Высматривая и выспрашивая, что задумал теперь царь, Москва, наконец, начала наполняться более или менее определенными слухами.

— В путь собирается! — рассказывали знающие люди.

— Да с чего ж в экое время собрался государь? Дороги, поди, еще не установились, морозов крепких не было, — соображали другие. — И реки, почитай, что нигде не замерзли. Куда в такую распутицу ехать?

— Да куда едет-то, на богомолье, что ли? — допытывались третьи.

На этот вопрос никто не мог ответить.

А слухи начинали делаться более тревожными.

— Сказывают, созвал государь духовенство да бояр и объявил, что не желают его многие на царстве и против него злоумышляют, — рассказывали уличные вестовщики, — а потому и восхотел он оставить прародительский престол и земле государство оставит.

— И жезл, и корону, и одежды царские отдал, — добавлялись подробности.

— Иконы из церквей к нему свозили, прикладывался к ним да благословение от попов принимал, а сам все по монастырям ездит, прощается, значит, со святынями, — со вздохом говорили рассказчики.

— Да едет-то куда? — допрашивали снова любопытные.

На этот вопрос все еще на находилось ответа.

Настало 3 декабря 1564 года. Рано утром начало наезжать в Кремль великое множество саней и крытых возков.
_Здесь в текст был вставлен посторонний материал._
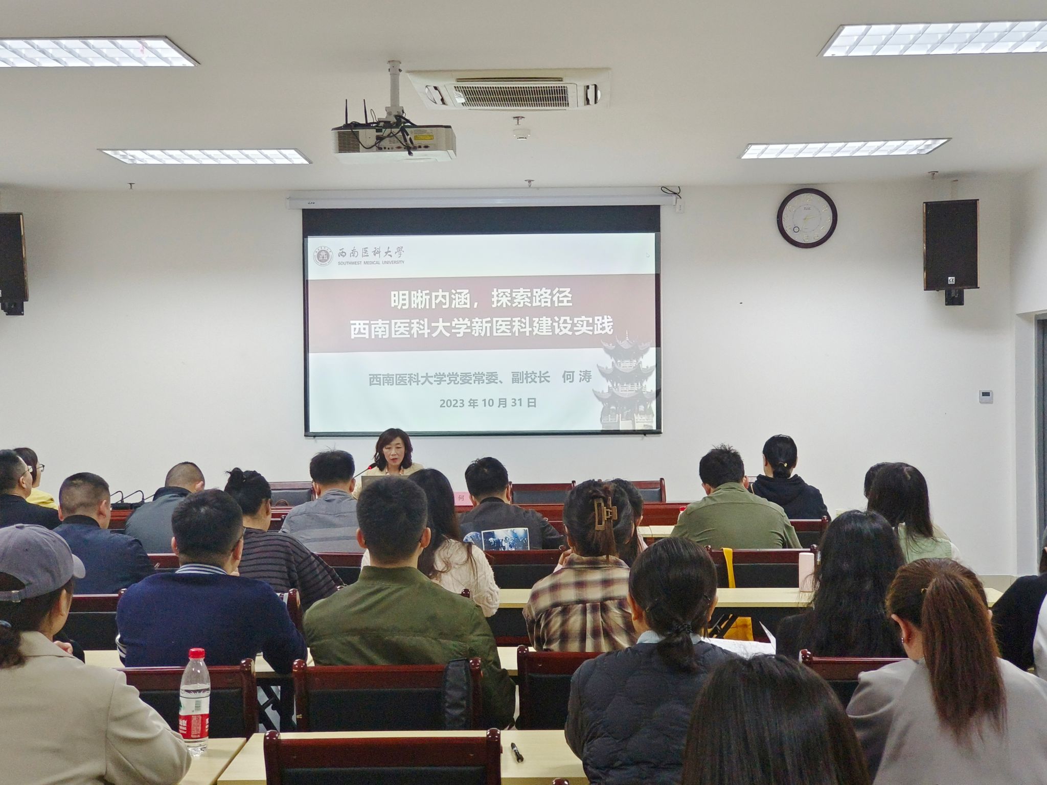 学校党委常委、副校长何涛作了《明晰内涵,创新路径——beat365官方网站新医科建设实践》专题讲座,介绍了新医科建设的背景、意义、内涵及beat365官网新医科建设的实践路径,引导新进教师扎根教学实践、探索教学创新,成为有情怀、责任、良知和温度的教育者。

Все они, и сани, и каптаны, направились ко дворцу. Здесь шла оживленная деятельность. Царские слуги таскали из дворца и укладывали в сани и в возки всякие драгоценности в кованных сундуках и в разнокалиберных ящиках. Иконы и кресты, украшенные золотом и драгоценными каменьями, золотые и серебряные сосуды. Груды нарядных одеяний, вся государева казна и деньги брались теперь царем в путешествие. Сюда же прибывали целые семьи людей всяких званий. Одни прибыли с женами и детьми, другие только с конями и слугами. Все были укутаны по-дорожному, у всех был захвачен весь домашний скарб. В толпе сбежавшегося глазеть на невиданное зрелище народа уже объясняли:

— И повелел государь боярам, ближним и приказным людям взять с собою жен и детей. А это вон выборные дворяне и дети боярские; им повелел ехать с слугами, коньми и служебным порядком. Сам поименно всех выбрал.

— Да куда едет-то? — добивались по-прежнему любопытные.
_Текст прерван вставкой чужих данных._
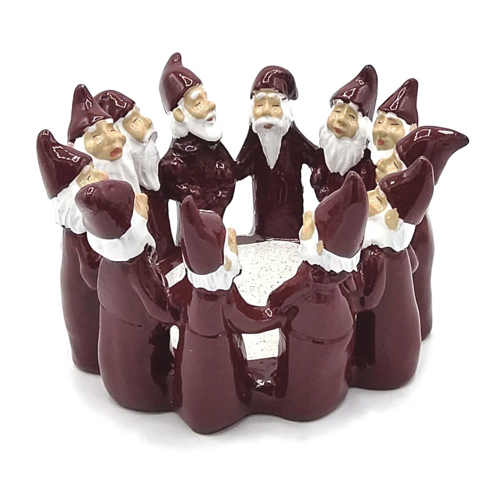 Harvesttime Teelichthalter mit tanzenden Weihnachtsmänner rot 7cm

— Господь ведает, — безнадежно отвечали растерянные москвичи.

Наконец, все было уложено, готово к отъезду. Вышел царь со всей семьею, со второю своей женою Марией, из татарского рода князей Черкасских, и с детьми, провожаемый духовенством и боярами, ни на кого не глядя, опустив глаза в землю, мрачный, суровый. Невесело смотрели и окружающие, недоумевавшие, что совершается перед ними. Покидающий государство царь не только не делал никаких распоряжений, но даже не сказал, куда он намерен уехать. Все избранные царем люди уселись в повозки, и длинный поезд саней, каптанов и верховых всадников тронулся в путь. На площади остался народ и стоявшие у крыльца бояре и духовенство. Все смотрели растерянно и в недоумении, провожая глазами поезд, двинувшийся из Кремля по направлению к Ярославской дороге. Начинал падать мокрыми хлопьями снег; сгустившиеся в воздухе черные тучи, клубившиеся низко над землею, не обещали ничего хорошего…

С каждым часом погода становилась все хуже и хуже. Теплый ветер, мокрый снег, оттепель, все это превратило мягкие дороги в сплошную грязь, глубокую, невылазную. Царский поезд, минуя дремучие леса, тянувшиеся за Москвой, едва дотащился до села Коломенского и дальше не мог уже двинуться. Распутица была страшная.

— В селе Коломенском государь остановился, — заговорили в Москве. — К празднику Николая Угодника, значит, хотел попасть на богомолье.

— Да людей-то зачем столько набрал и тоже казну всю увез, и образа, и все такое? Нет, на богомолье так никогда не езжал царь.

Но вот прошел и праздник Николая Чудотворца, а царь все оставался в Коломенском. Недели через две стало подмораживать, грязь замерзла, а белый снег прикрыл ее густой, ярко блестящей на солнце пеленой. Стал лед на реках.

Разнесся слух, что царь двинулся в село Тайнинское, а из Тайнинского к Троице-Сергию, а от Троицы-Сергия в Александрову слободу. Среди множества своих подмосковных сел государь особенно любил слободу Александрову, хотя она и не отличалась особенно красивым местоположением, раскинувшись на двух пригорках, разделенных рекой Серой.

Настало Рождество.

Москва была в унынии и тревоге. Смиренный и бесхарактерный митрополит Афанасий, вступивший на место скончавшегося блестящего умом и даром слова Макария, честолюбивый и злой новгородский архиепископ Пимен, ростовский архиепископ Никанор, бояре, окольничие и приказные, все одинаково растерялись и не знали, что делать, как быть.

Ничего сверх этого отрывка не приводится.